DLF seeks to opt out of Mumbai development project

03 Jul 2009

In deleverage mode, leading real estate firm DLF Ltd is looking to sell its 50 per cent of its stake in the special purpose vehicle created with Mumbai's Akruti City Ltd to build a commercial-cum-residential project in Andheri East.

Named Niharika, the project is a 50:50 joint venture with Ackruti City. DLF is looking to sell 9 lakh square feet in Niharika, a retail and commercial property. DLF is likely to raise up to Rs400 crore from the sale of 900,000 sq ft space in the project to a foreign fund, according to a Moneycontrol report.

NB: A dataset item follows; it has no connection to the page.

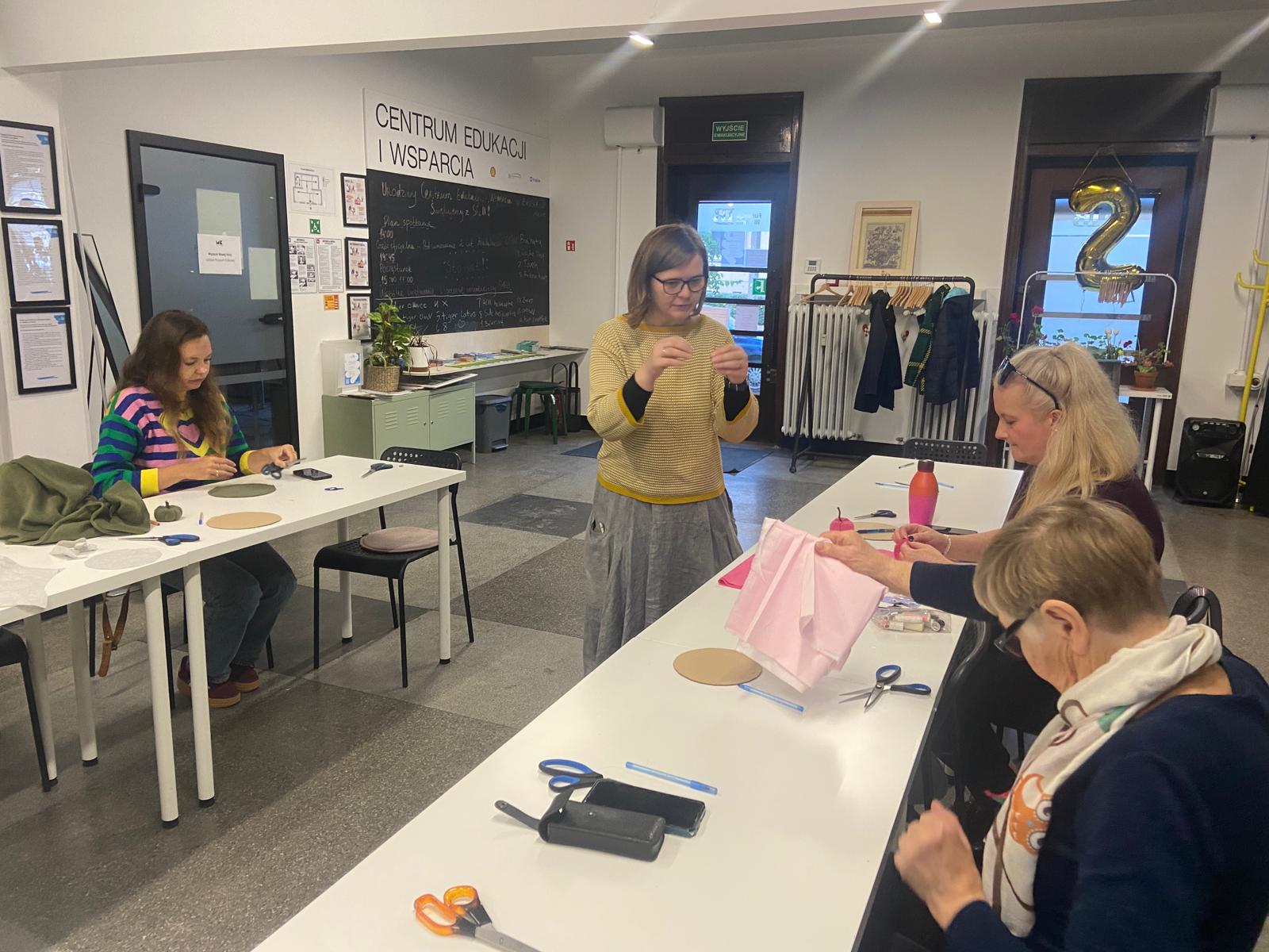 Aby uczcić nadejście jesieni, wybraliśmy temat idealnie wpisujący się w jesienny klimat — tworzyliśmy ozdobne dynie z materiałów z recyklingu. Powstały one z używanych tkanin, starych włóczek i nitek, a przede wszystkim z dużą dozą kreatywności. W warsztatach wzięli udział mieszkańcy okolicy, którzy chcieli nauczyć się, jak samodzielnie wykonać kolorowe, wesołe dynie do ozdoby swoich domów. Atmosfera była ciepła i radosna. Uczestnicy dzielili się opowieściami, doświadczeniami i dobrym humorem.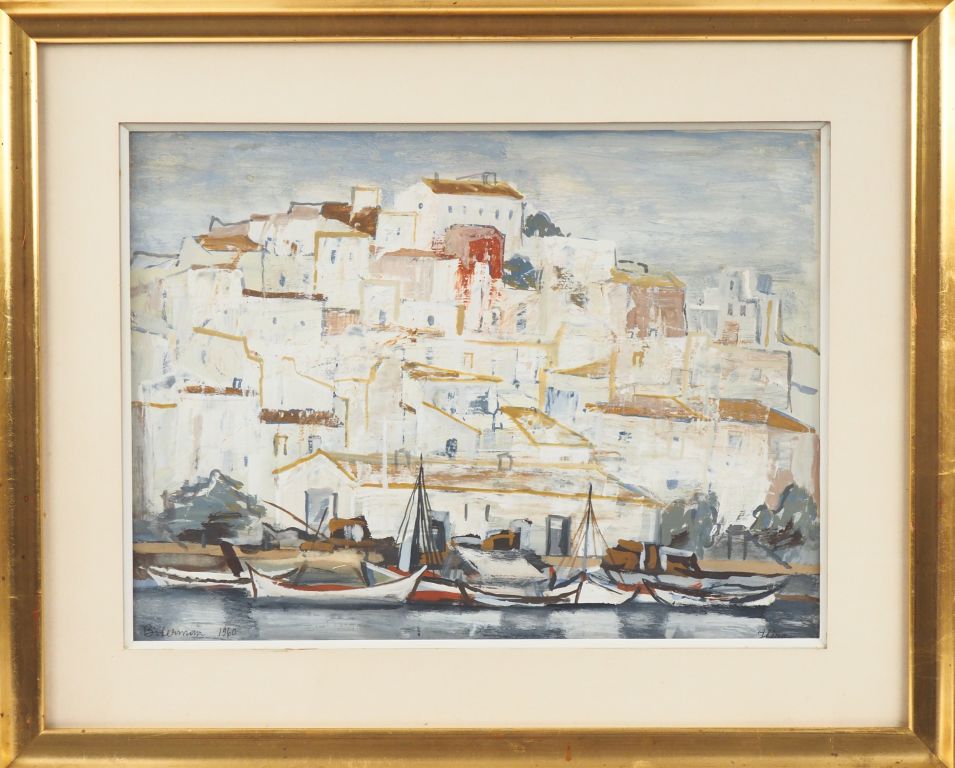 Lot de BOKERMANN. "Ibiza". Gouache signée en bas à gauche et datée 1960. Dim. au prix de 150 à 200 € en vente aux enchères par l'hôtel des ventes Primardeco

The move comes as a part of the developer's plan to generate cash flow through sale of hotel plots and non-core assets. DLF has raised around Rs 1,000 crore through the sale of land parcels across four cities in the past 4-5 weeks, and is on course to close more

such deals worth another Rs 500 crore in the coming weeks.

This is in keeping with the country's largest real estate developer's announced objective of raising Rs5,500 crore through asset sales, and use these funds to halve its Rs14,000 crore debt by the end of this fiscal year. DLF has sold land parcels in Mumbai, Baroda, Gangtok and the Delhi region, according to an Economic Times report.

The company refused to comment officially, saying it does not react to media reports.

DLF sold 66 per cent of its stake in Hindustan Spinning and Weaving Mill in central Mumbai to a Chennai based entrepreneur for Rs310 crore. Akruti City had been DLF's joint venture partner in that project too.